Image credits to Wikipedia

Ladies and gentlemen, meet the most complicated Chinese character, Biáng. With 57 strokes, it is used in the name of a dish from Shaanxi, the Biang Biang Noodle (Biáng.svgBiáng.svg面). Note how even copy-pasting the character from Wikipedia results in the character’s inability to be displayed normally alongside the noodle character. Also, this word is not standard Chinese, so typing it into Google translate will not yield anything, nor can the online keyboard from Google yield this character. Speculations of the origins of the word include that it is the sound people make when munching on the noodles, or that it is the sound the dough makes when the chef pulls the dough and slaps it against the table. Some concluded that it was merely made up by a noodle store.

For anyone wondering “Where do I even begin to write this character??” here’s a nifty video (below) to help you out.

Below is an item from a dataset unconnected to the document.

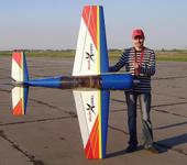Косанул мотор еще немного вверх (под нижними стойками теперь по 3 мм) и двинул центровку еще назад (теперь 40% САХ), при увеличении-уменьшении оборотов летит в горизонте. В инверте - немного “на ручке”. При выполнении “стены” прилипает к вертикали и вверх совсем не лезет. Плоский штопор делает “плоско”, а если газ на максимум, то даже набирает высоту, но приходится попотеть, чтобы не вываливался из фигуры.

However, I’m not just here to talk about the “biang” character. I’m here to talk about Biang making its ways onto the shores of New York. There has been a Xi’an Chinese food chain, called “Xi’an Famous Foods,” that’s been popping around New York. They’re known for being cheap, with good portions, and offering the rarely-seen Xi’an cuisine, which often includes meat skewers, cumin lamb buns, and of course, biang biang noodles.

Most Xi’an Famous Foods chains are hole-in-the-wall kind of establishments, with nothing to write home about for its decor, ambience, or any of the other bourgeois things people talk about when assessing eateries; Xi’an Famous Foods is a no-nonsense, eat-yer-food-and-get-out kind of place.

So when that chain introduced Biang!, their upscale version of their chain restaurants (replete with a spiffy website!), serving the exact same menu, one wonders what is the point. Even more important, one wonders if they would jack up the prices, given that Biang! features mood lighting, air-conditioning, nice brick walls and made itself the kind of place you would potentially bring your date to. Well it seems that Biang! does have some slight variation in their menu, offering some food items not usually available from the laminated pictures of the food stuck onto the walls of its lesser chains, so were one so moved to go all the way to Flushing (about 40 minutes from Manhattan), one should go just for a taste of Xi’an, if not to just take a picture of the signboard with the most complicated Chinese character in existence.